Chapter Thirty-Five

Start from the beginning
                                    

"I have to tell you something, but you're going to hate me," she whispered. "Promise you won't hate me?"

"What is it?"

She coughed, going into a fit that sent her into spasms. Blood splattered onto her chin in ruby droplets, and I tried to keep her steady as the spasms rippled through her body. When she finally calmed down, her breath was even more ragged and wet. Her eyes rolled back in her head and she gripped her uniform with shaking hands.

"I thought he should be serving in glory with the other young men of the city." Her voice was so light, I had to lean in. "He held a title, but I knew he wasn't like the other nobles. I knew he had some good in him, and I thought I'd help him along. He needed to be fighting alongside his brothers against our oppressors, but he wouldn't leave you if I didn't do something."

My face buzzed and her green eyes swam before me. "They aren't his brothers," I whispered. "They forced him to fight. That's not something a brother would do."

"I thought it was," she wheezed. "I thought they were holding him accountable to being moral."

"What's moral in forcing young men to fight for a cause they don't believe in?" I hissed.

"The King's Army would have done it if we hadn't."

"I don't care."

"I thought he should help us, that he needed someone to take him away from you. He wouldn't be doing any good attached to your skirts."

The lump in my throat strangled my words, and bitter tears splashed down from my chin onto her cheeks. "How could you, Rachel? We were kind to you. I told you where we lived, and we shared our food. We were doing no harm, and yet you reported Ferdinand? You were the reason he was taken away from me? The reason he could be dead this very minute?"

"I'm so sorry. It wasn't what I thought it would be. It wasn't what I thought." She gasped on her sobs, trying to repeat her words.

A rush of heat ran through my face, numbing it. Irrational anger boiled in my stomach. I shoved her head from my lap and surged to my feet. She devolved into a fit of coughing, but I didn't care. She'd betrayed Ferdinand. Betrayed me by ripping him away.

"How could you?" I snarled, tears blinding me as the anger crashed inside me. "How you could you bloody dare to do this to us?"

Rachel couldn't answer. She just kept coughing.

I took a step back, and then another. I kept walking until I was back in my doorway, huddled against the wood, and watching Rachel as she struggled to breathe on the cold street.

I didn't sleep that night. The moon sunk and the sun began to take its place. The cold was bitter and deadly, seeping my energy, but still I gazed on at the white figure laying before me. Her rattling breathing was the only sound, and it echoed off the walls. She didn't try to move, or even to talk to me anymore. She only coughed and coughed.

I had to leave soon. The inhabitants of the house would soon be stirring, getting ready for the day, and I needed to be far away from their doorway by then. I stood, bundling my coat closer to my body, and stepped back onto the street.

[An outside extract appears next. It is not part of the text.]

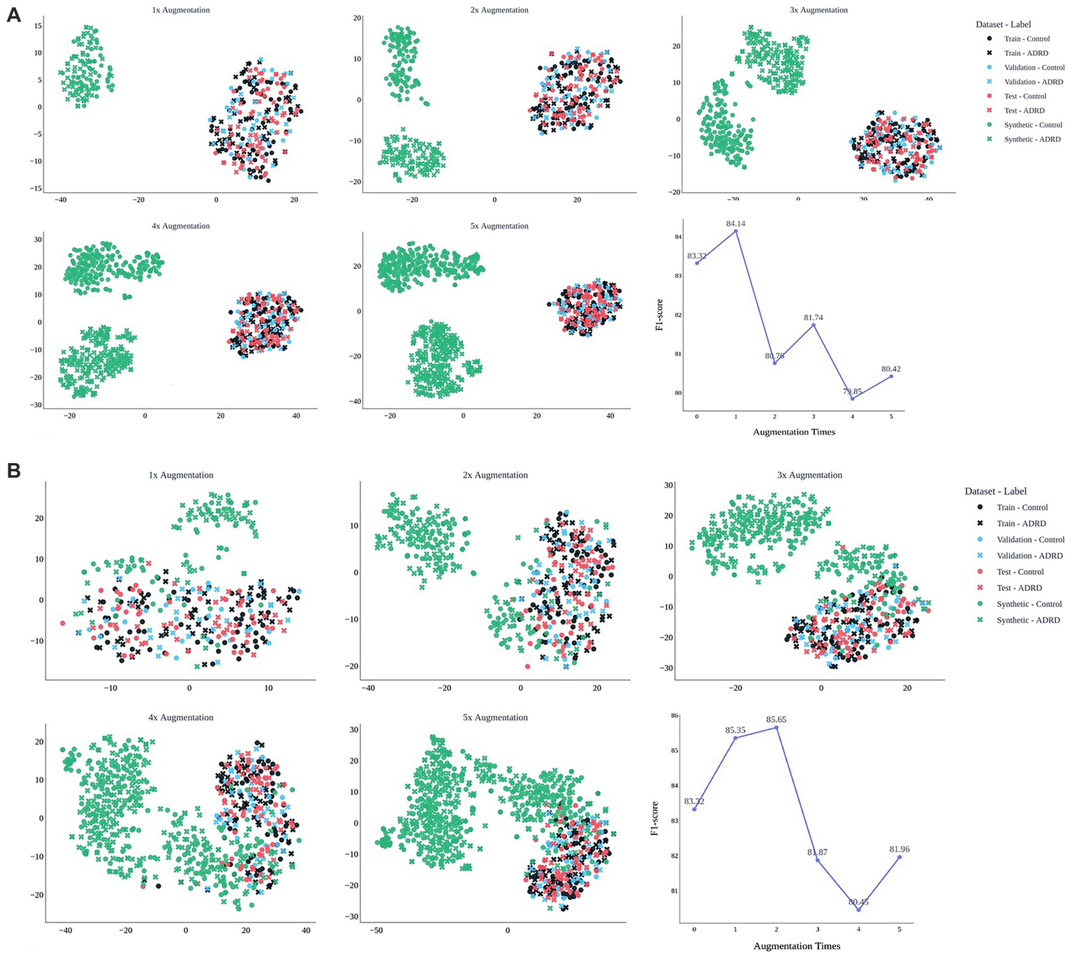 Using the best configuration for each LLM, we generated synthetic data at 1x to 5x the size of the original training set and measured the fusion-based screening model’s performance. This assessed whether larger volumes of synthetic text enhanced generalizability while preserving diagnostic cues.
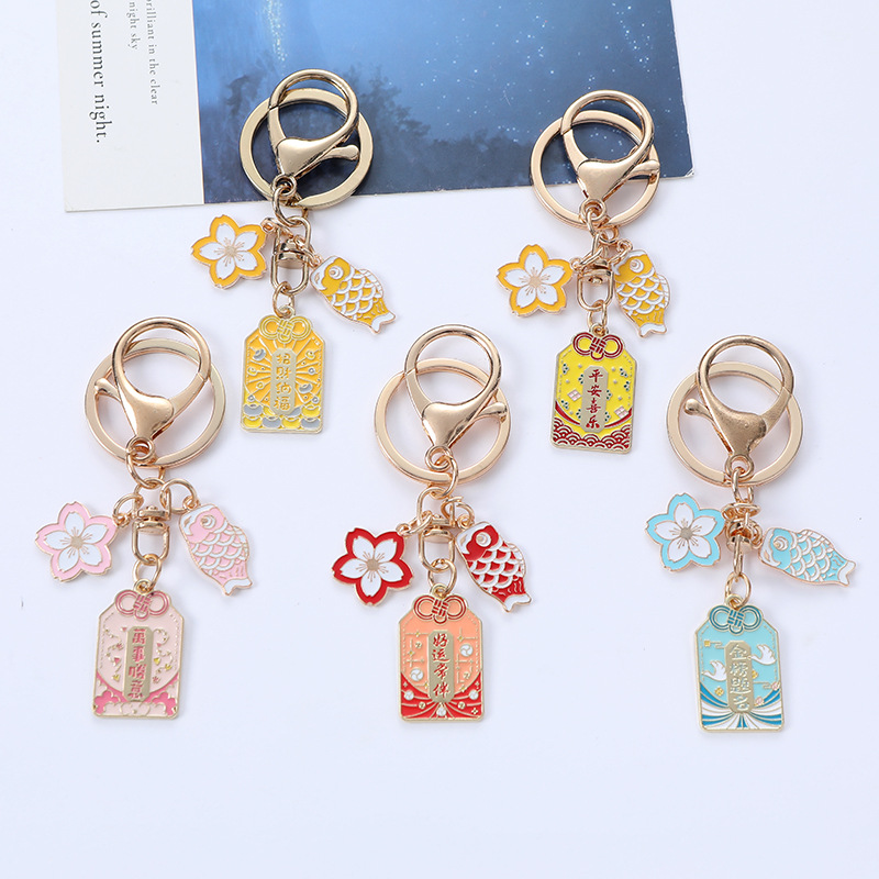 New Text Blessing Metal Keychains Pendant Creative Cherry Blossom Koi Car Key Chain Bag Ornament Gifts

I tried to skirt around Rachel, wanting to just walk off and leave her for the junk man to find on his rounds of the city, but as I came closer to her body, I heard the hitched sound of her crying.

My feet stilled. I glanced to my right, where she stared at the sky with glazed green eyes.

"Nadia?" she whispered. "Are you there?"

I fought against myself. One side wanted to leave then, ignore her and let her rot. The other knew she was just a young girl, looking for somewhere to belong. Just like me.

"I'm here."

"Nadia," Rachel said, her voice whittling down.

I crouched, my skirt brushing her forehead. "Yes?"

"I'm so, so sorry. Forgive me."

I bit my lip, watching as her eyes fluttered shut and her hands went slack. I could have waited until she slipped away, just not answered her plea. But I couldn't let her face the darkness without some comfort. Even if it broke my heart to forgive her for taking Ferdinand away.

"You're forgiven, Rachel," I whispered, trailing a hand across her cheek and feeling the heat seeping away from it. "Sleep now."

Her chest stilled, and the labored breathing was put to rest.

I didn't stay for any longer. I got to my feet and walked as fast as I could away from her cooling body, trying desperately not to think about the sad girl from my ballet corps any longer.